Exercise instructions: Copy out exactly the lines below that run from the one holding "Σε ένα έγγραφο" to the one holding "Der Ararber Säbel", keeping both of those lines and no others.

** Exercise inputs follows **

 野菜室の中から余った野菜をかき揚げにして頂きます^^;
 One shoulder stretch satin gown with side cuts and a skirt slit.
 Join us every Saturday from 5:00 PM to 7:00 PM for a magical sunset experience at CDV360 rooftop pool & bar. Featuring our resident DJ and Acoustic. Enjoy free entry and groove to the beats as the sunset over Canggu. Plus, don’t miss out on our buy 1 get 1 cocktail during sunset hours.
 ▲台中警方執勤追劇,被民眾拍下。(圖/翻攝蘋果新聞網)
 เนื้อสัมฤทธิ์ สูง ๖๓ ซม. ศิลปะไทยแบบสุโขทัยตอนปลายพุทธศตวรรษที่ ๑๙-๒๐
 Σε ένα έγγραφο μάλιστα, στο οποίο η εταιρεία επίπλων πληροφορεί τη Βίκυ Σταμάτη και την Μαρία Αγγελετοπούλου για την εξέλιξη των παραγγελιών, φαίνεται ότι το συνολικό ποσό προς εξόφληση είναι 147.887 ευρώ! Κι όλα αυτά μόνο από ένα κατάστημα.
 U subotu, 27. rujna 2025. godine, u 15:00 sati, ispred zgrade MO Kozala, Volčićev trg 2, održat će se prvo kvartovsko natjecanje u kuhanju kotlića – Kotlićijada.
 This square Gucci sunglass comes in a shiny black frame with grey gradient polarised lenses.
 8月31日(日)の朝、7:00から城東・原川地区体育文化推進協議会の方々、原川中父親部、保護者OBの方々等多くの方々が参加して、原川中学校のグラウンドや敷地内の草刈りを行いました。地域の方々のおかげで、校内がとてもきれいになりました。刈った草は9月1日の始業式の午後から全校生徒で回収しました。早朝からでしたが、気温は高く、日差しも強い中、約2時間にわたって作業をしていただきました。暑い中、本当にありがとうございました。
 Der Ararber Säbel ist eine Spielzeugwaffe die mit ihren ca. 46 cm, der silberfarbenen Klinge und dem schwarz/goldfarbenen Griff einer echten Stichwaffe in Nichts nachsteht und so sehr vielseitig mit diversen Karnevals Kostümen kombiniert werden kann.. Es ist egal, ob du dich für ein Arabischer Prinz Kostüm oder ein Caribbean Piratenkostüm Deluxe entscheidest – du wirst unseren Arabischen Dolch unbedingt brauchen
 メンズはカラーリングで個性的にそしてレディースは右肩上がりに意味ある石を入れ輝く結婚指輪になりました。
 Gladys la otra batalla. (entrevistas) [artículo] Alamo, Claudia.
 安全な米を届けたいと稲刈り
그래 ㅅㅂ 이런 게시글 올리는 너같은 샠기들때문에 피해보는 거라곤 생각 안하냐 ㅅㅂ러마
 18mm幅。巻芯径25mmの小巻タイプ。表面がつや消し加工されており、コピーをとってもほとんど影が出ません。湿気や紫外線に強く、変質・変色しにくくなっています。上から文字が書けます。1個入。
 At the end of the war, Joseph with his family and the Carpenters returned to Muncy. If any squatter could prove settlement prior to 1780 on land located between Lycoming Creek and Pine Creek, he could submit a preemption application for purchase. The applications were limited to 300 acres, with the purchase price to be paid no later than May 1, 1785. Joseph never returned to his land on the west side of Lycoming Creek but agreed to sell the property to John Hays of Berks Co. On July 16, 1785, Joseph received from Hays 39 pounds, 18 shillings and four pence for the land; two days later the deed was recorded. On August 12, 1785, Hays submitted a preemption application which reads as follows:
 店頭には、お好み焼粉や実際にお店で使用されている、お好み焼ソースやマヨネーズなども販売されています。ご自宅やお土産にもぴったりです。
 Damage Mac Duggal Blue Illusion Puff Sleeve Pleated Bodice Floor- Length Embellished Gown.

** End of Exercise inputs **

Response to the exercise:
 Σε ένα έγγραφο μάλιστα, στο οποίο η εταιρεία επίπλων πληροφορεί τη Βίκυ Σταμάτη και την Μαρία Αγγελετοπούλου για την εξέλιξη των παραγγελιών, φαίνεται ότι το συνολικό ποσό προς εξόφληση είναι 147.887 ευρώ! Κι όλα αυτά μόνο από ένα κατάστημα.
 U subotu, 27. rujna 2025. godine, u 15:00 sati, ispred zgrade MO Kozala, Volčićev trg 2, održat će se prvo kvartovsko natjecanje u kuhanju kotlića – Kotlićijada.
 This square Gucci sunglass comes in a shiny black frame with grey gradient polarised lenses.
 8月31日(日)の朝、7:00から城東・原川地区体育文化推進協議会の方々、原川中父親部、保護者OBの方々等多くの方々が参加して、原川中学校のグラウンドや敷地内の草刈りを行いました。地域の方々のおかげで、校内がとてもきれいになりました。刈った草は9月1日の始業式の午後から全校生徒で回収しました。早朝からでしたが、気温は高く、日差しも強い中、約2時間にわたって作業をしていただきました。暑い中、本当にありがとうございました。
 Der Ararber Säbel ist eine Spielzeugwaffe die mit ihren ca. 46 cm, der silberfarbenen Klinge und dem schwarz/goldfarbenen Griff einer echten Stichwaffe in Nichts nachsteht und so sehr vielseitig mit diversen Karnevals Kostümen kombiniert werden kann.. Es ist egal, ob du dich für ein Arabischer Prinz Kostüm oder ein Caribbean Piratenkostüm Deluxe entscheidest – du wirst unseren Arabischen Dolch unbedingt brauchen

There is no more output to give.